> **Exercise**
With pictures omitted, copy exactly every line from the one that contains "The Fiola Shirt" to the end of the listing below.

> **Records for processing**
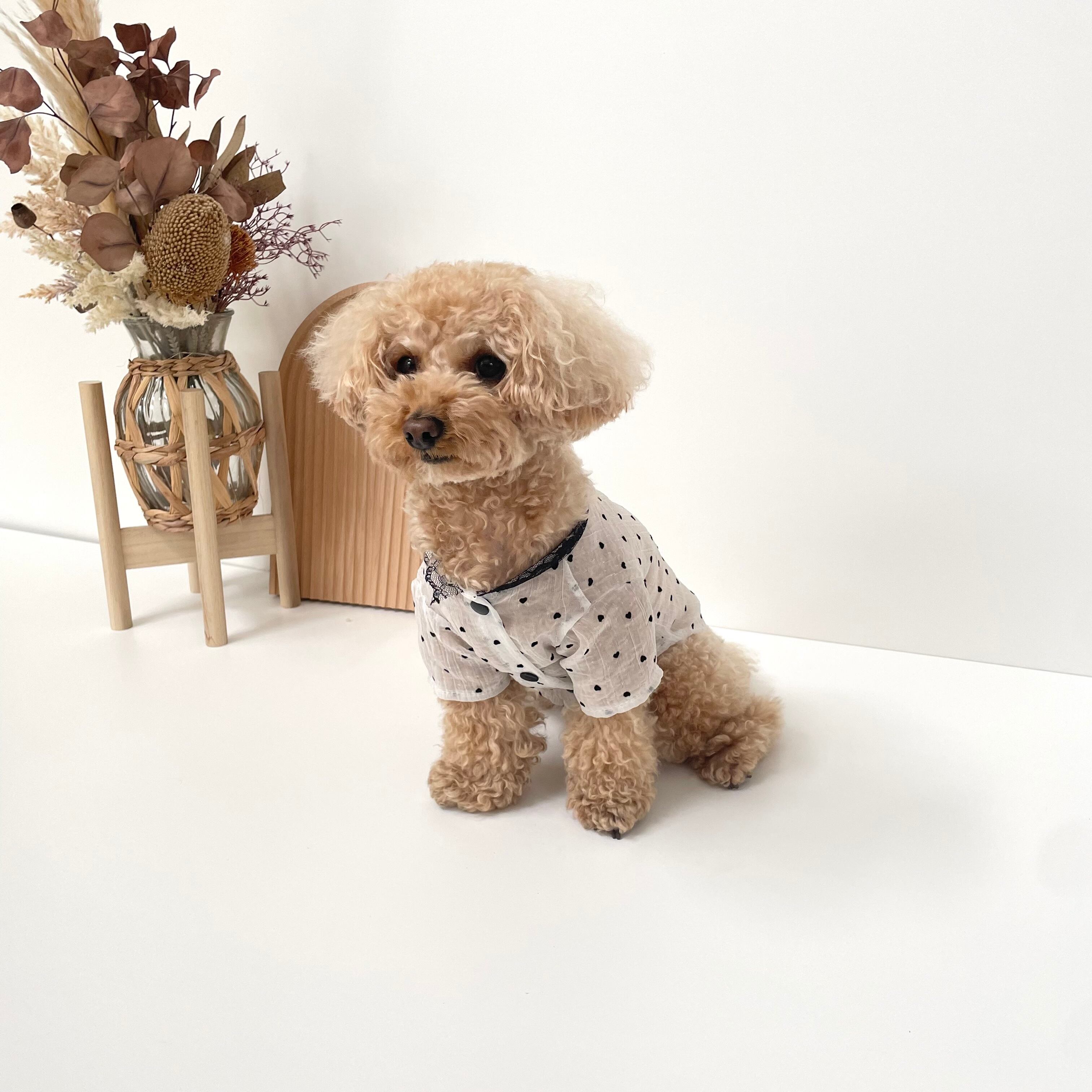 シースルーの軽い生地感!夏に活躍するドットトップス。
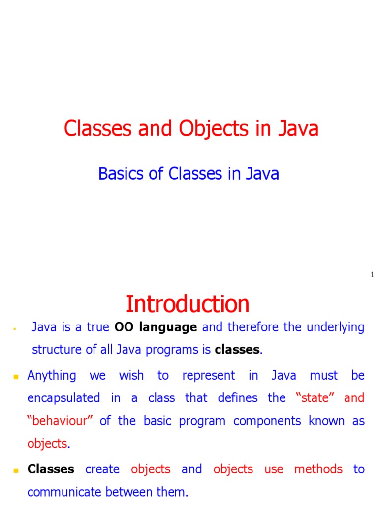 OOP Note 1: Class and Object Concepts in Java Programming - Studocu
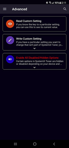 Deze app heeft als doel dat op te lossenprobleem, door een vervanging te bieden.Voor het grootste deel is dit een replica van het systeem UI Tuner van Android 'Er zijn echter een paar extra goodies die de oplossing van Android ' niet standaard opneemt.Elke schakelaar werkt op elk apparaat).
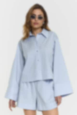 The Fiola Shirt combines edgy and ease in crisp cotton. Designed with a slightly cropped oversized silhouette, it features a back pleat, an extended placket, and wide sleeves and cuffs for a modern take on a classic shirt.
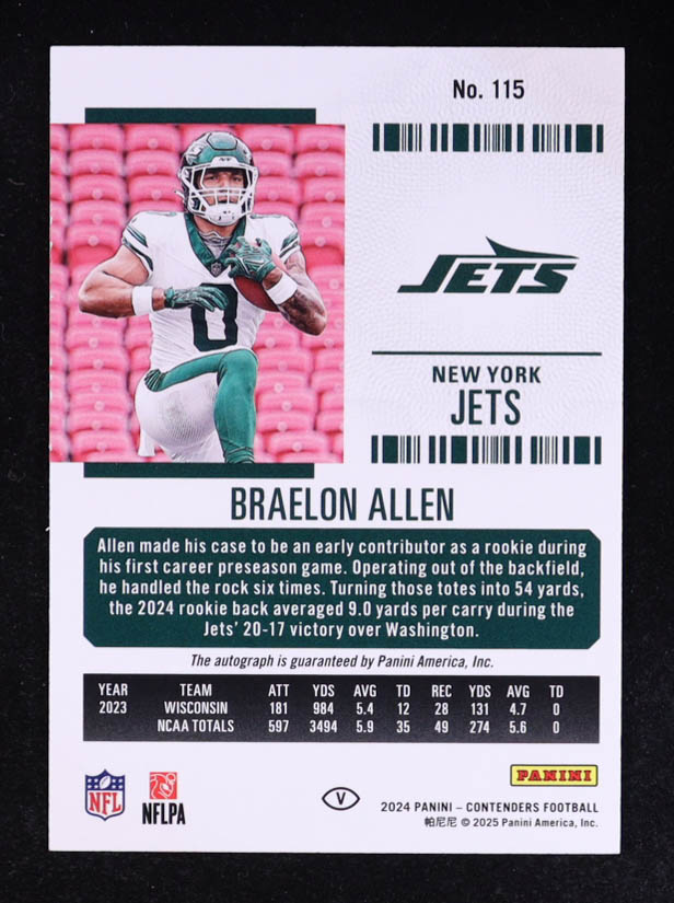 Braelon Allen 2024 Panini Contenders Variation Divisional Ticket #115 #10/99 RC
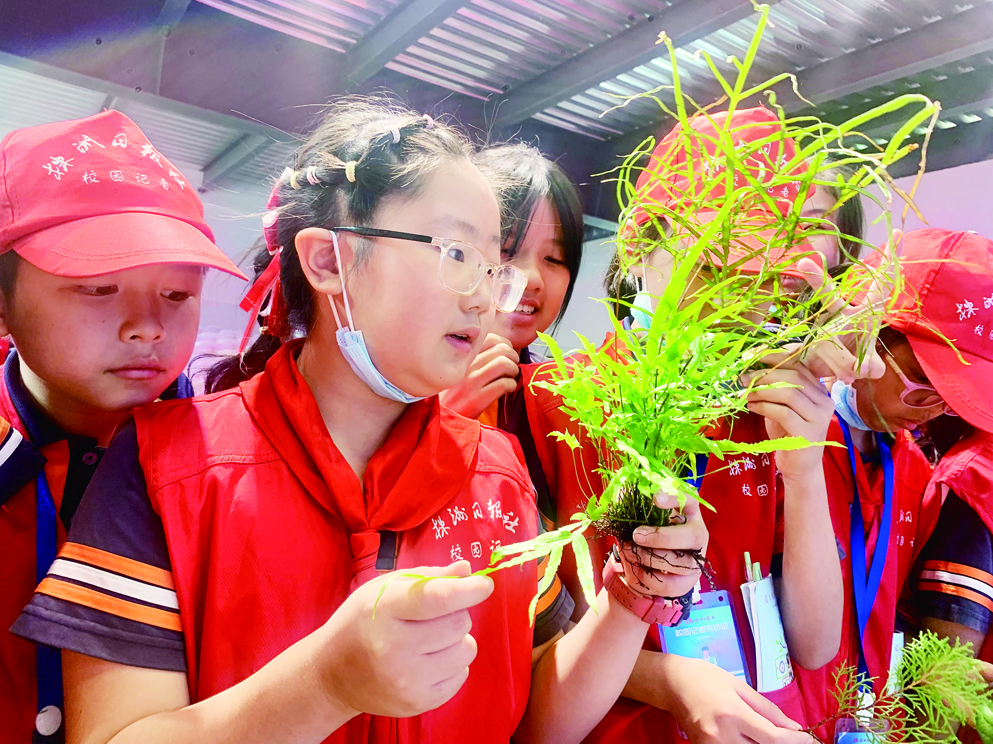 ▲学生们第一次看到新鲜的中草药。记者/颜家萍 摄

> **Completed task**
 The Fiola Shirt combines edgy and ease in crisp cotton. Designed with a slightly cropped oversized silhouette, it features a back pleat, an extended placket, and wide sleeves and cuffs for a modern take on a classic shirt.
 Braelon Allen 2024 Panini Contenders Variation Divisional Ticket #115 #10/99 RC
 ▲学生们第一次看到新鲜的中草药。记者/颜家萍 摄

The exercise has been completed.